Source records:
──────────

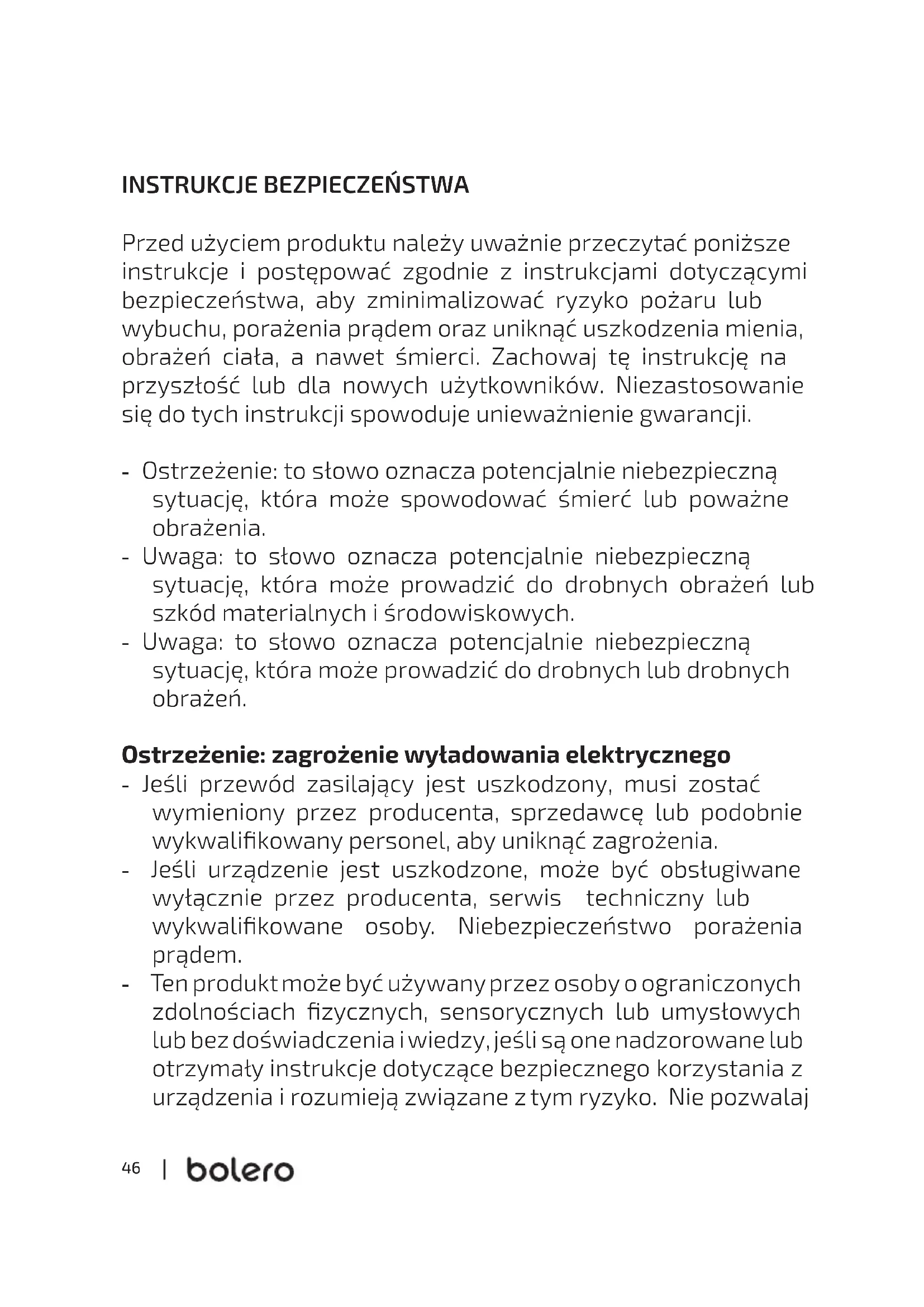 Przed użyciem produktu należy uważnie przeczytać poniższe instrukcje i postępować zgodnie z instrukcjami dotyczącymi bezpieczeństwa, aby zminimalizować ryzyko pożaru lub wybuchu, porażenia prądem oraz uniknąć uszkodzenia mienia, obrażeń ciała, a nawet śmierci. Zachowaj tę instrukcję na przyszłość lub dla nowych użytkowników. Niezastosowanie się do tych instrukcji spowoduje unieważnienie gwarancji. - Ostrzeżenie: to słowo oznacza potencjalnie niebezpieczną sytuację, która może spowodować śmierć lub poważne obrażenia. - Uwaga: to słowo oznacza potencjalnie niebezpieczną sytuację, która może prowadzić do drobnych obrażeń lub szkód materialnych i środowiskowych. - Uwaga: to słowo oznacza potencjalnie niebezpieczną sytuację, która może prowadzić do drobnych lub drobnych obrażeń. Ostrzeżenie: zagrożenie wyładowania elektrycznego - Jeśli przewód zasilający jest uszkodzony, musi zostać wymieniony przez producenta, sprzedawcę lub podobnie wykwalikowany personel, aby uniknąć zagrożenia. - Jeśli urządzenie jest uszkodzone, może być obsługiwane wyłącznie przez producenta, serwis techniczny lub wykwalikowane osoby. Niebezpieczeństwo porażenia prądem. - Ten produkt może być używany przez osoby o ograniczonych zdolnościach zycznych, sensorycznych lub umysłowych lub bez doświadczenia i wiedzy, jeśli są one nadzorowane lub otrzymały instrukcje dotyczące bezpiecznego korzystania z urządzenia i rozumieją związane z tym ryzyko. Nie pozwalaj 02380_Bolero DressCode Top 80 Inverter_Manual_YV_01220209.indd 4602380_Bolero DressCode Top 80 Inverter_Manual_YV_01220209.indd 46 10/2/22 9:4310/2/22 9:4347
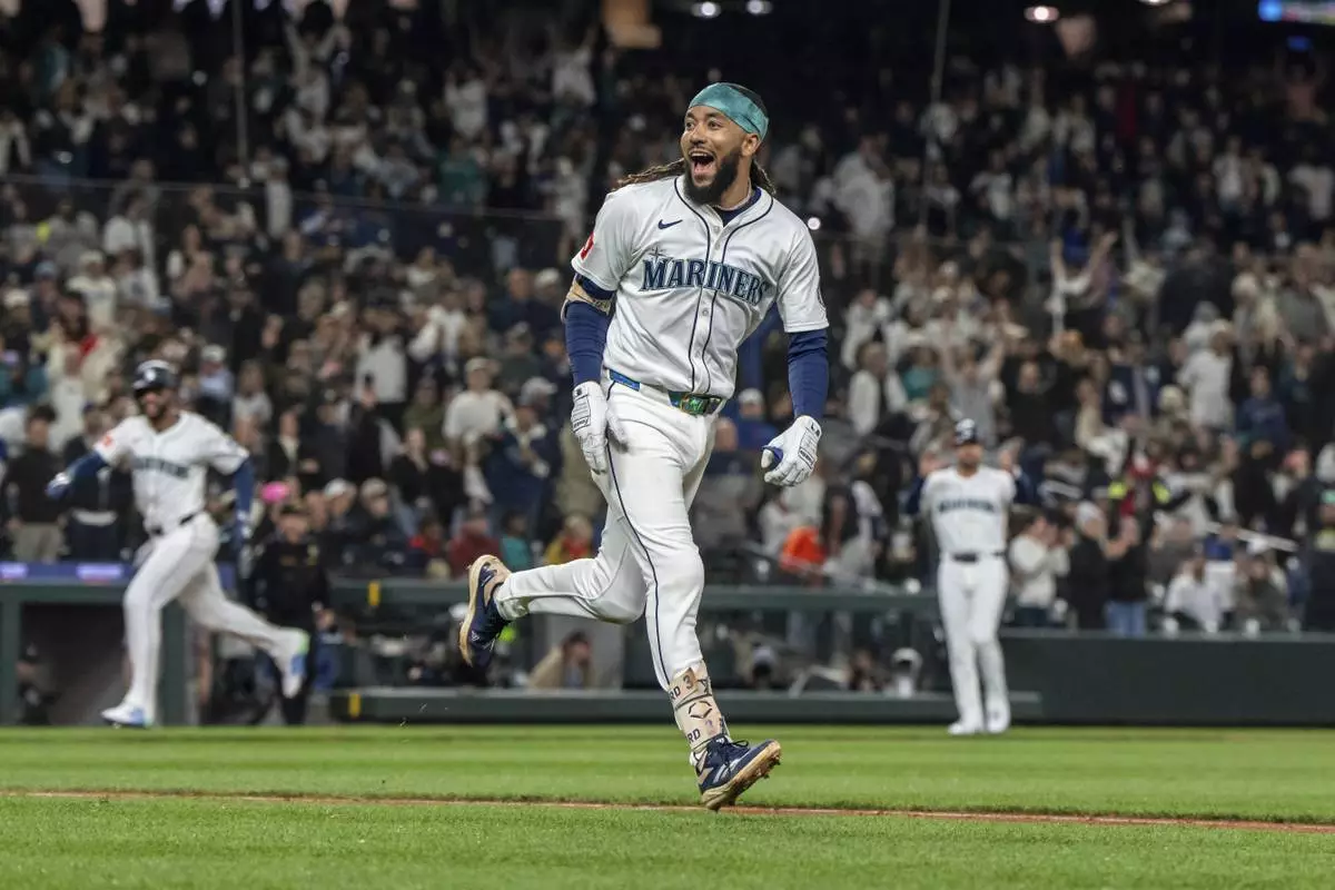 Seattle Mariners' J.P. Crawford celebrates after hitting and RBI-single during the eleventh inning of a baseball game against the New York Yankees, Tuesday, May 13, 2025, in Seattle. (AP Photo/Stephen Brashear)
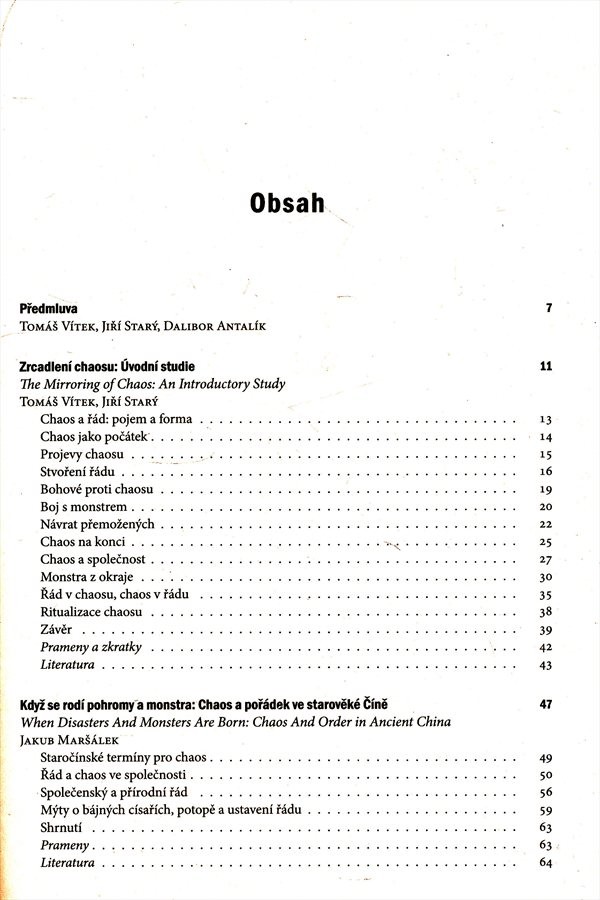 Sedm studií analyzující řád a chaos ve vybraných kulturách, jejichž autoři charakterizují hlavní fenomény, jež byly tradičně vnímány jako chaotické a nebezpečné. Popis typických způsobů, jimiž se archaické kultury chaosu bránily.
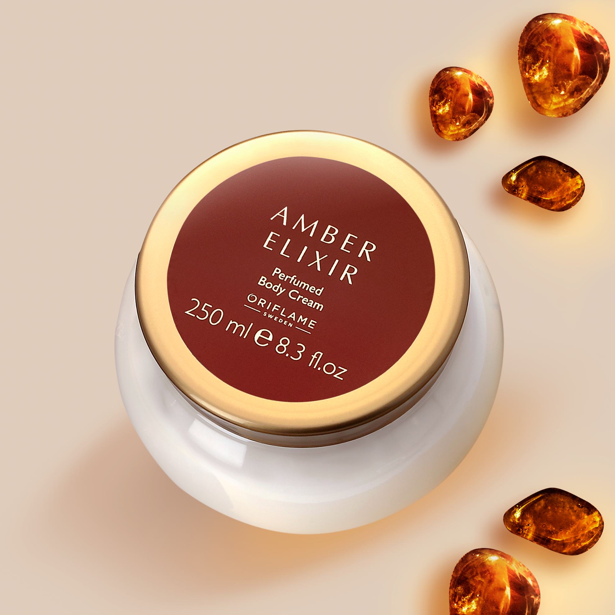 Razkošna, vlažilna krema za telo, bogato odišavljena s toplim in zapeljivim vonjem Amber Elixir, očarljivo orientalsko-lesno dišavo, ki v sebi združuje mandarine, posončnice in jantar. Čudovita samostojna izkušnja dišave ali pa dodatek k vaši Amber Elixir parfumski vodi.
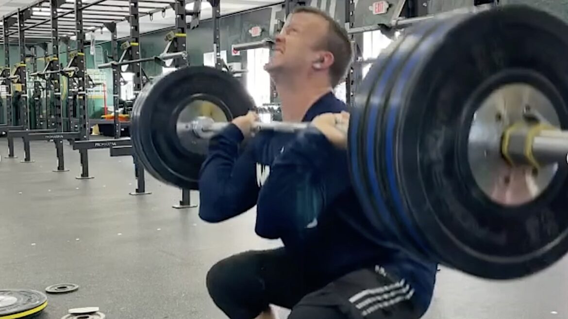 “Nine weeks of back squats, nine weeks of clean deadlifts, nine weeks of front squat, and then a huge max out,” Lackey prescribed.
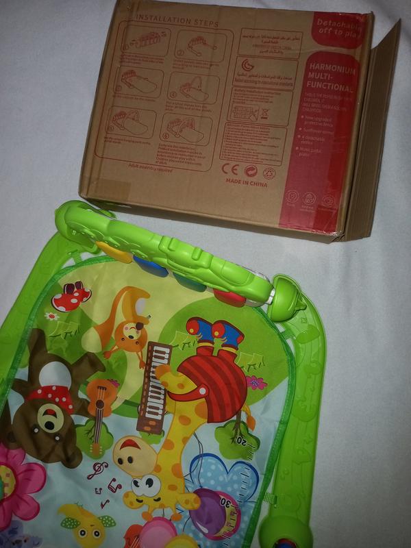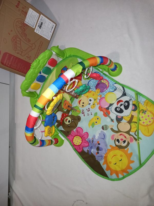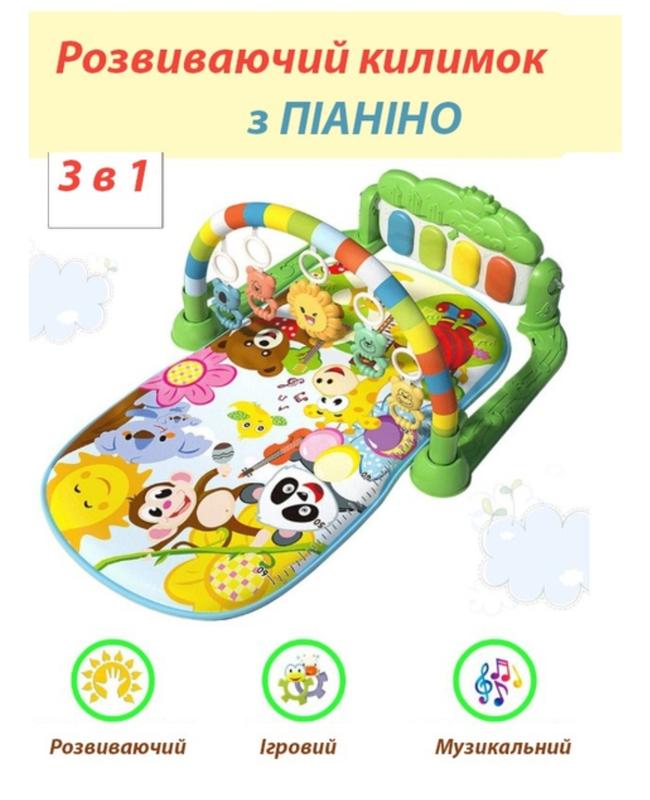 Ігровий яскравий килимок для малюківЦікава іграшка з піаніно. Над килимком дуга з брязкальцями.Працює від 3-х батарейок (в комплект не входять)
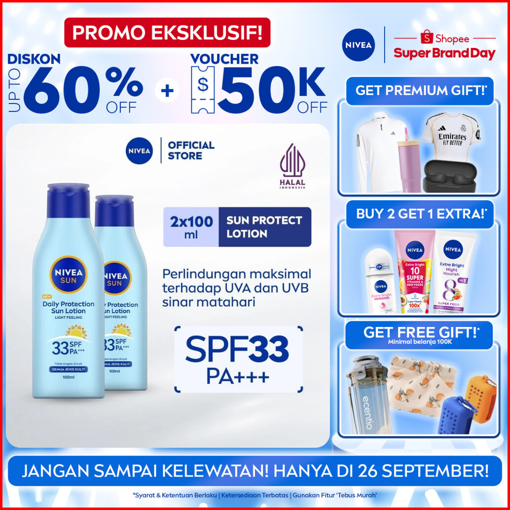 Paket Hemat Isi 2 Nivea Body Lotion Daily Protection Sun Spf33 100ml - Sunscreen Badan Lotion Sunblock Sunblok Spf Uv Me

──────────

--- Task details ---
In the records above, find the line with "weeks of back" and the line with "Ігровий яскравий килимок", then restate word for word only those two lines and all lines between, omitting pictures.

--- Problem solution ---
 “Nine weeks of back squats, nine weeks of clean deadlifts, nine weeks of front squat, and then a huge max out,” Lackey prescribed.
 Ігровий яскравий килимок для малюківЦікава іграшка з піаніно. Над килимком дуга з брязкальцями.Працює від 3-х батарейок (в комплект не входять)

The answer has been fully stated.